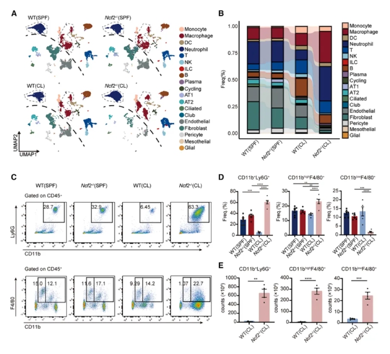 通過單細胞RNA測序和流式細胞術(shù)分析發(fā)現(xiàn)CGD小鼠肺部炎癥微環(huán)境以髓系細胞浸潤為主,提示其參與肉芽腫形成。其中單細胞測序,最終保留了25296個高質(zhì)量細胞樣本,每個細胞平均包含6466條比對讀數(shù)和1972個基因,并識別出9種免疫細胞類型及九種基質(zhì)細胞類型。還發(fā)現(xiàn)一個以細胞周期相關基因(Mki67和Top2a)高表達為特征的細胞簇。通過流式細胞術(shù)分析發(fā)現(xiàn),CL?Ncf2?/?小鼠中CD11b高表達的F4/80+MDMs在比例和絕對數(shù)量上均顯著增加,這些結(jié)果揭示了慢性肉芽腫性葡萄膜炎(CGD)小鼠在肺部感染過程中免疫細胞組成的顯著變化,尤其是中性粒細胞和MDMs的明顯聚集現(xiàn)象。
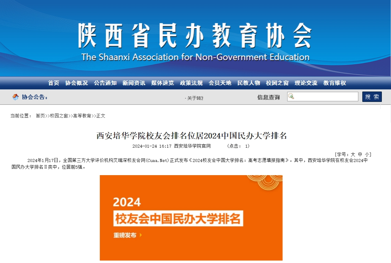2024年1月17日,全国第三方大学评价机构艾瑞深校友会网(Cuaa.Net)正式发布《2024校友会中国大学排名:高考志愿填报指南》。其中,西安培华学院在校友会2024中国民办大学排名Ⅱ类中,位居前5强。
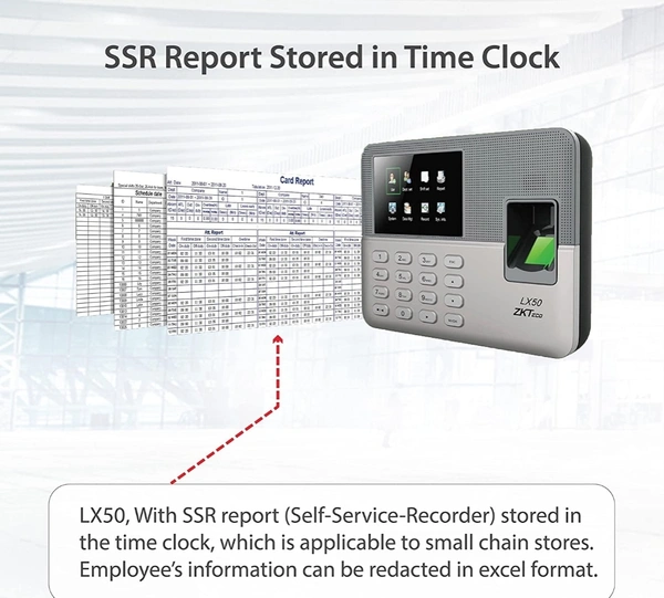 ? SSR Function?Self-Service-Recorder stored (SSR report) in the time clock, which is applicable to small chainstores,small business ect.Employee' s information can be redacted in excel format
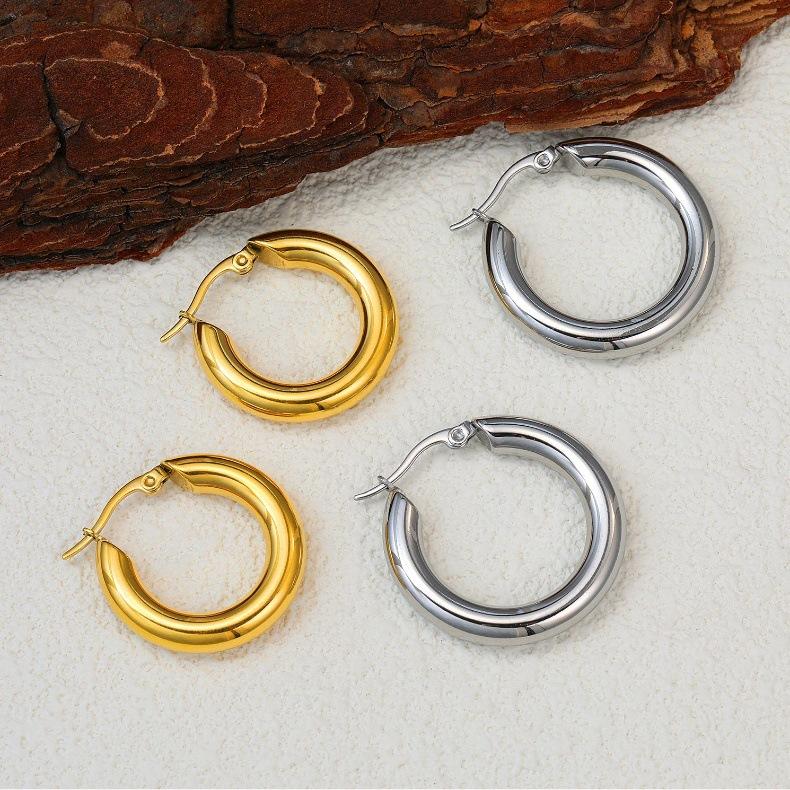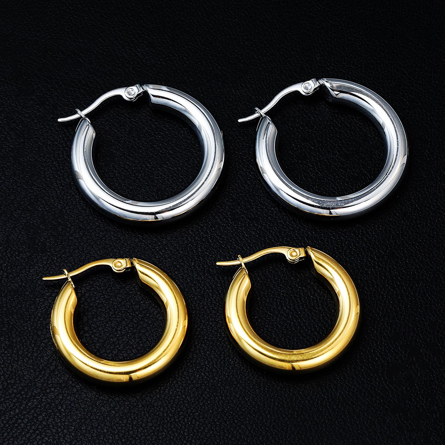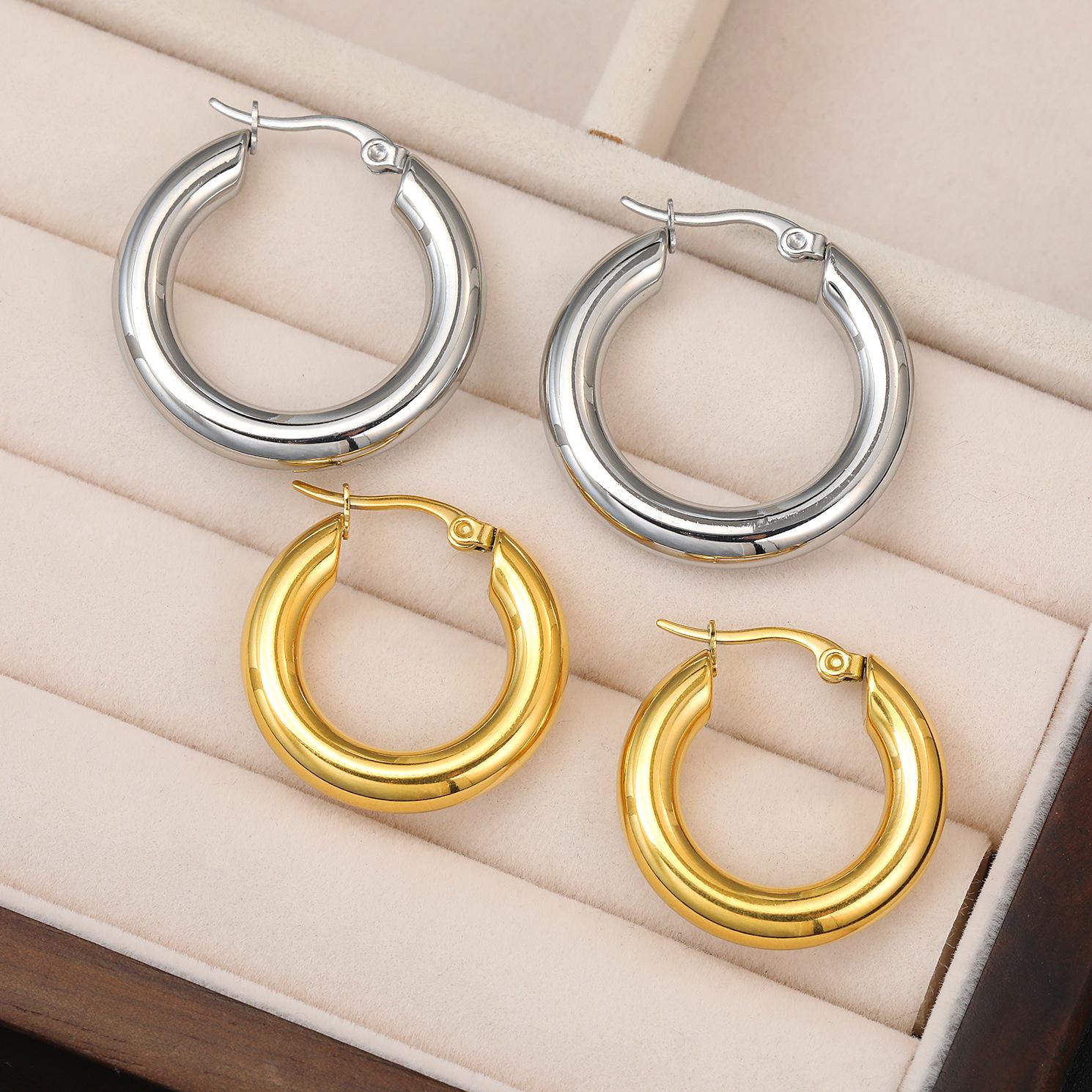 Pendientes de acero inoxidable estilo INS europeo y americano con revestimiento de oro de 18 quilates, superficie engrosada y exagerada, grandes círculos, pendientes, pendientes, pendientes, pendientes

* * *

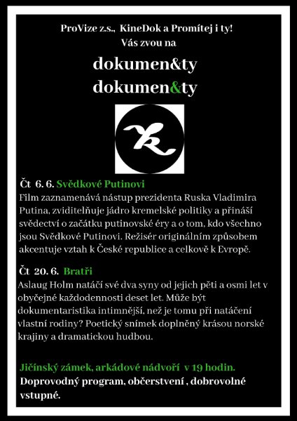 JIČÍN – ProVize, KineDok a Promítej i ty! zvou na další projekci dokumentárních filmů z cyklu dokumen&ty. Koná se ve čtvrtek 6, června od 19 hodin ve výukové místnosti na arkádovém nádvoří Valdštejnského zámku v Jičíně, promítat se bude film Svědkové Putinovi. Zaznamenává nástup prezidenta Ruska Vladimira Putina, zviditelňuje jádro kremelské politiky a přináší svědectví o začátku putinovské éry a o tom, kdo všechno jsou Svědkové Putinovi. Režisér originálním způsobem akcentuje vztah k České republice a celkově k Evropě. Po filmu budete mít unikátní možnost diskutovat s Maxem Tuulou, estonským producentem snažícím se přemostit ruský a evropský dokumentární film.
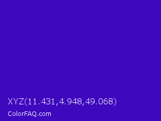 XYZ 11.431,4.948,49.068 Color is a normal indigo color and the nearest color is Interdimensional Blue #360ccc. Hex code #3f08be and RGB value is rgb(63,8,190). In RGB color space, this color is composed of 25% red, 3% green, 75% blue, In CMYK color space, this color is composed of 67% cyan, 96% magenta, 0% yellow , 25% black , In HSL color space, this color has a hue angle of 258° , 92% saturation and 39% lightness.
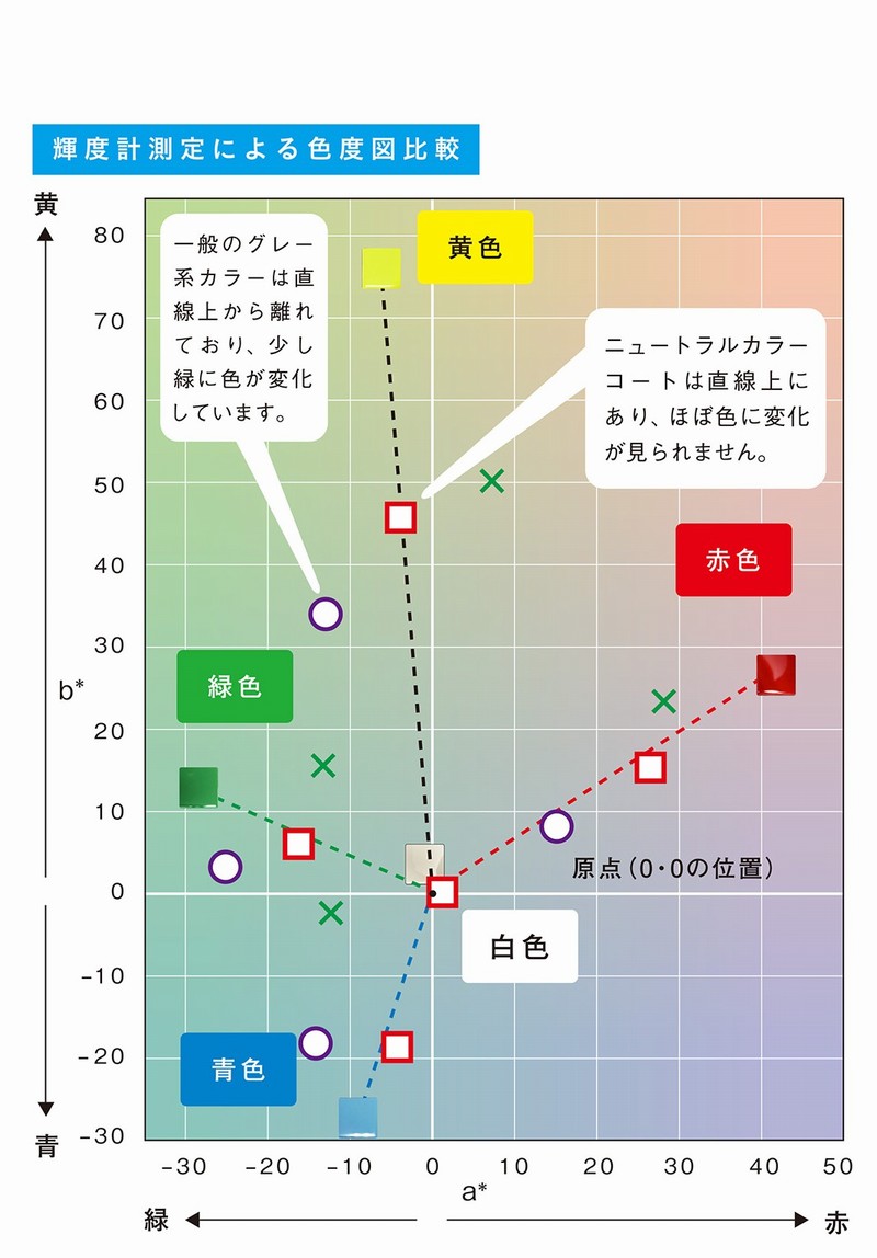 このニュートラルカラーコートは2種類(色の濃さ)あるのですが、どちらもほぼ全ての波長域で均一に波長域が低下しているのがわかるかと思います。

[Activity] Print exactly the lines above that run from the one with "通過單細胞RNA測序和流式細" down to the one with "Pendientes de acero", and omit the pictures.

[Response to this task]
 通過單細胞RNA測序和流式細胞術(shù)分析發(fā)現(xiàn)CGD小鼠肺部炎癥微環(huán)境以髓系細胞浸潤為主,提示其參與肉芽腫形成。其中單細胞測序,最終保留了25296個高質(zhì)量細胞樣本,每個細胞平均包含6466條比對讀數(shù)和1972個基因,并識別出9種免疫細胞類型及九種基質(zhì)細胞類型。還發(fā)現(xiàn)一個以細胞周期相關基因(Mki67和Top2a)高表達為特征的細胞簇。通過流式細胞術(shù)分析發(fā)現(xiàn),CL?Ncf2?/?小鼠中CD11b高表達的F4/80+MDMs在比例和絕對數(shù)量上均顯著增加,這些結(jié)果揭示了慢性肉芽腫性葡萄膜炎(CGD)小鼠在肺部感染過程中免疫細胞組成的顯著變化,尤其是中性粒細胞和MDMs的明顯聚集現(xiàn)象。
2024年1月17日,全国第三方大学评价机构艾瑞深校友会网(Cuaa.Net)正式发布《2024校友会中国大学排名:高考志愿填报指南》。其中,西安培华学院在校友会2024中国民办大学排名Ⅱ类中,位居前5强。
 ? SSR Function?Self-Service-Recorder stored (SSR report) in the time clock, which is applicable to small chainstores,small business ect.Employee' s information can be redacted in excel format
 Pendientes de acero inoxidable estilo INS europeo y americano con revestimiento de oro de 18 quilates, superficie engrosada y exagerada, grandes círculos, pendientes, pendientes, pendientes, pendientes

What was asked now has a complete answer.